Efficiently check if numpy ndarray values are strictly increasing

Asked 9/6, 2015 at 13:59 Answered 17/8, 2023 at 11:13

I'm having a numpy ndarray where I would like to check if each row vector is monotonically increasing.

Example:

a = np.asarray([[1,2,3],[1,5,7],[4,3,6]])
monotonically_increasing(a)

Expected return:

[True, True, False]

I'm not entirely sure how to efficiently do this, since the matrices are expected to be quite large (~1000x1000), and was hoping for some help.

Calceiform answered 9/6, 2015 at 13:59 Comment(0)

>>> import numpy as np
>>> a = np.asarray([[1,2,3],[1,5,7],[4,3,6]])

Find the difference between each element. np.diff has an argument that lets you specify the axis to perform the diff

>>> np.diff(a)
array([[ 1,  1],
       [ 4,  2],
       [-1,  3]])

Check to see if each difference is greater than 0.

>>> np.diff(a) > 0
array([[ True,  True],
       [ True,  True],
       [False,  True]], dtype=bool)

Check to see if all the differences are > 0

>>> np.all(np.diff(a) > 0)
False
>>>

As suggested by @Jaime - check that each element is greater than the element to its left:

np.all(a[:, 1:] >= a[:, :-1], axis=1)

Which appears to be about twice as fast/efficient as my diff solution.

Despoil answered 9/6, 2015 at 13:59 Comment(5)

It's probably faster to compare each item to the adjacent one directly, rather than comparing if their difference is greater than zero: np.all(a[:, 1:] >= a[:, :-1], axis=1) – Poirer 9/6, 2015 at 15:51

Concur. Worst case yours makes one pass and mine makes one pass for the diff and a shorter pass for np.all. – Despoil 9/6, 2015 at 17:38

@Poirer this is indeed the case, for 10**6 elements, np.all(x[:-1] > x[1:]) takes 600us, while np.all(np.diff(x) < 0) takes 2.03ms, about 3 times longer. – Chaplin 7/10, 2019 at 7:53

What if for strictly decreasing ? – Teratogenic 21/1, 2021 at 13:52

@Teratogenic - Python - How to check list monotonicity - too bad I didn't search and find that when I answered. Others searching with variations of python numpy strictly decreasing site:stackoverflow.com - this one too Make a numpy array monotonic without a Python loop – Despoil 21/1, 2021 at 14:47

You can make a function like this:

def monotonically_increasing(l):
    return all(x < y for x, y in zip(l, l[1:]))

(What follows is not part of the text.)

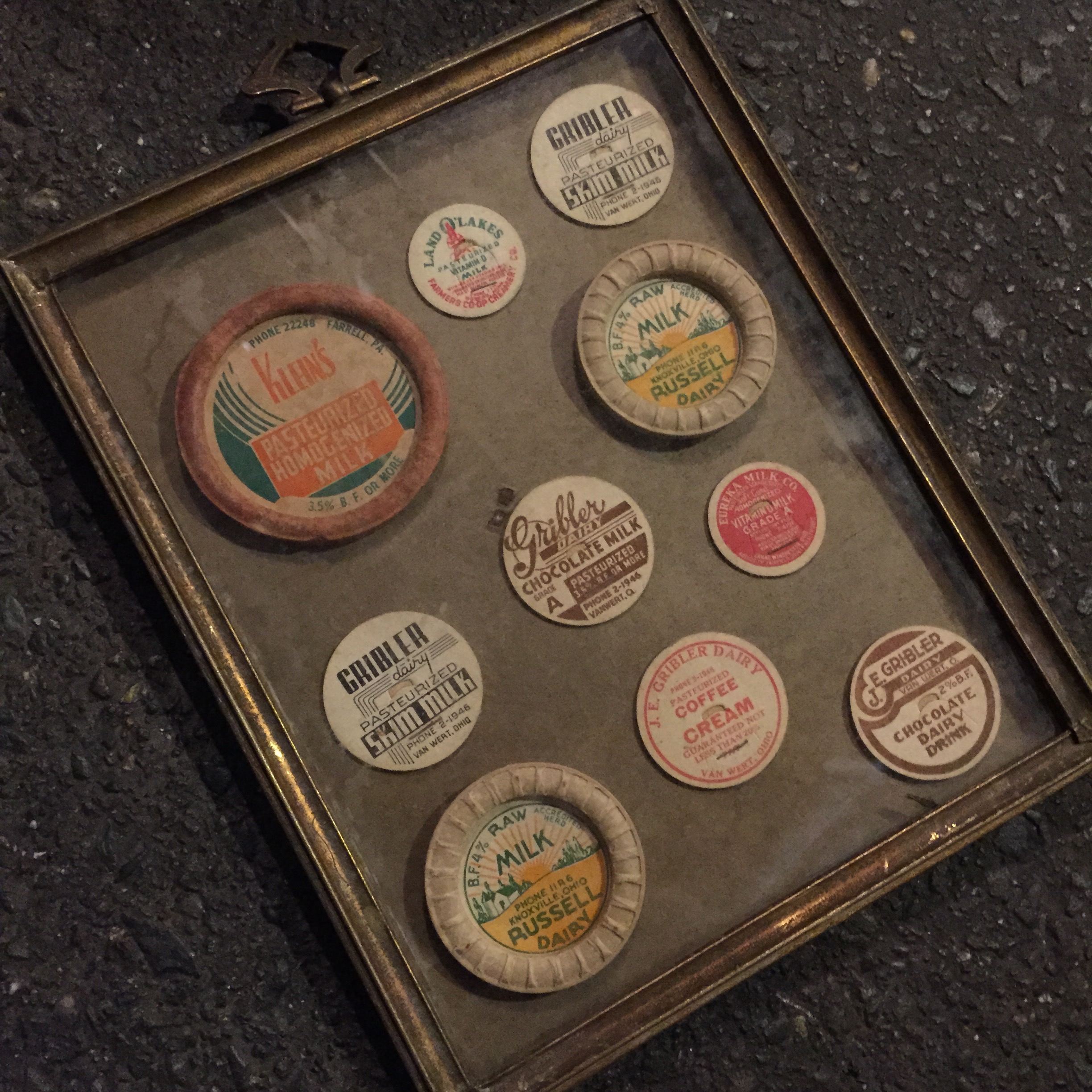 古い牛乳瓶の蓋も額に入れるだけで印象が変わります。

and then check for it, sublist for sublist, so

[monotonically_increasing(sublist) for sublist in a]

Keeleykeelhaul answered 9/6, 2015 at 14:1 Comment(1)

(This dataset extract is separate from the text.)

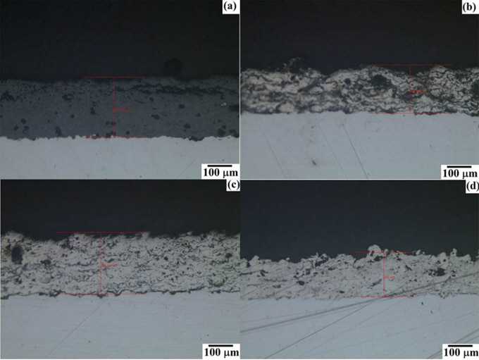 dispersive spectroscopy, Bruker, USA)를 사용하여 수행되었다. 도포층의 두께는 에폭시 마운팅하고 연삭한 후 금속 현미경(Olympus

the question is about numpy arrays, which may be GBs in size; looping over them is extremely slow; this answer could be improved by benchmarking various approaches with various array sizes – Tana 28/2, 2019 at 21:7

To add to the answers provided @Jaime and all, to get the exact place where there are violations, in addition to just determining if they are strictly increasing or decreasing, I chained this as follows

a = np.array( [[1,2,3], [5,4,3], [4,5,6], [4,6,3]])
a[np.where 
   ( np.invert  
     (np.all(a[:, 1:] >= a[:, :-1], axis=1)) 
   ) 
 ]
 Result:
  array([[5, 4, 3],
   [4, 6, 3]])

Torrlow answered 19/3, 2023 at 14:56 Comment(0)

There was another question related to how to handle strictly decreasing from @igorkf. I combined that answer into a useful function.

def check_monotonicity (data: np.array, increasing: bool, axis: int) -> np.array :
  if increasing: # strictly increasing
    return data [np.where (
             np.invert (
                 (np.all(data[:, 1:] >= data[:, :-1], axis=axis))
             ) ) ]
  else: # strictly decreasing
    return data [np.where (
             np.invert (
                 (np.all(data[:, 0:-1] >= data[:, 1:], axis=axis))
             ) ) ]

Torrlow answered 19/3, 2023 at 15:49 Comment(0)

A function f defined on a subset of the real numbers with real values is called monotonic if and only if it is either entirely non-increasing, or entirely non-decreasing.

is_monotonic = np.all(np.diff(a) > 0) | np.all(np.diff(a) < 0)

Raving answered 17/8, 2023 at 11:13 Comment(0)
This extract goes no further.